27/07/2017

Mathias Rasch und Josef Hirte
Wicked Cricket
Grillen-Snacks aus München

„Wenn sie einen glücklichen Tag haben, bekommen sie auch mal einen Apfel“

Timon und Pumba schwören schon seit Ewigkeiten darauf und Mathias und Josef jetzt auch: Entomophagie – das Essen von Insekten. Die beiden Münchener bieten seit kurzem geröstete Grillen-Snacks an.

PULS: Wie schmecken Grillen?

Josef: Eine einheitliche Antwort gibt’s da nicht. Viele sagen, dass es nach Popcorn schmeckt oder ein bisschen nussig. 

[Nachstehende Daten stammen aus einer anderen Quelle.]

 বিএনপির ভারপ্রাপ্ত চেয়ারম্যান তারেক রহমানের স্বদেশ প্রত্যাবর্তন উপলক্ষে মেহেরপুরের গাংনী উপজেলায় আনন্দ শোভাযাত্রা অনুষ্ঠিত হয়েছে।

Wann habt ihr zum ersten Mal Insekten gegessen?

Josef: Bei mir ist das bestimmt schon so 12 bis 13 Jahre her, als ich in Thailand war. In Südostasien bekommt man das ja überall.

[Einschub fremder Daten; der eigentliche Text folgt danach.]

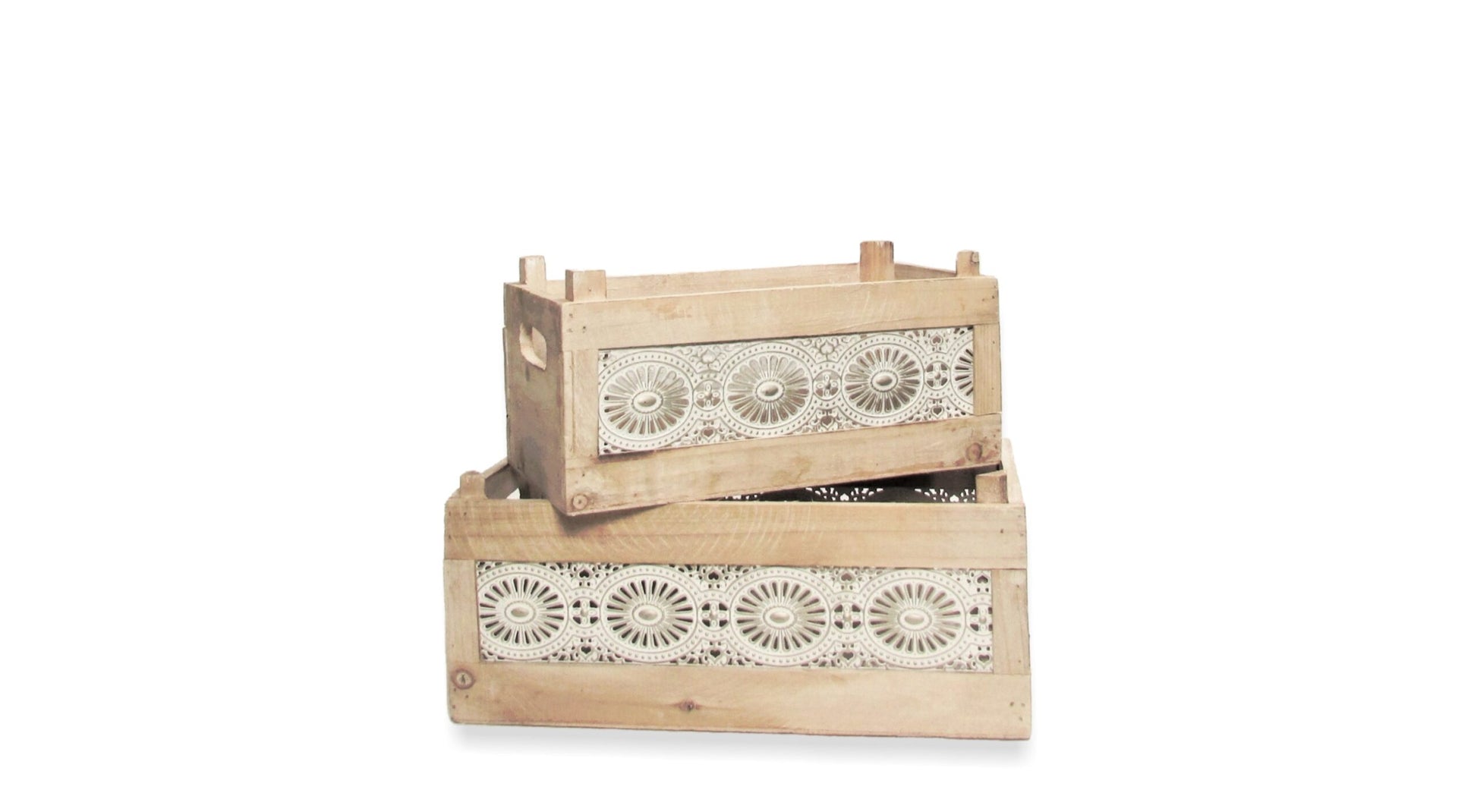 Description: Whitewash and light natural wood rectangular planters inlaid with metal design and side handles; Come with hard liners.

Mathias: Bei mir war das in Kolumbien. Da habe ich das erste Mal Ameisen gegessen. Es war was Neues, aber ich fand es nicht wirklich eklig. Wenn man sich mal damit beschäftigt, dann merkt man auch, dass der Ekel unbegründet ist. Das ist einfach ein kulturelles Problem. Der Unterschied zu einem Scampi oder zu einem Hummer ist eigentlich nicht groß.

Und wann seid ihr dann auf die Idee gekommen, selber Grillen anzubieten?

Josef: Mathias kam irgendwann mit so einem Paper von der Food and Agriculture Organization an. Die haben vorausgesagt, dass wir früher oder später auf Insekten zurückgreifen müssen, um die Welt zu ernähren.

Mathias: Dann haben wir uns an die Zucht gewagt. Im Keller haben wir das ausprobiert – zu Forschungszwecken sozusagen. Wir hatten einen Brutschrank, den wir aus Styropor gebaut haben und immer auf 30 Grad erhitzen mussten. Die Grillen brauchen immer eine beständige Temperatur. Wir haben die dann in Kisten gehalten, die wir mit Eierkartons ausgelegt haben. Da konnten sie es sich richtig schön bequem machen.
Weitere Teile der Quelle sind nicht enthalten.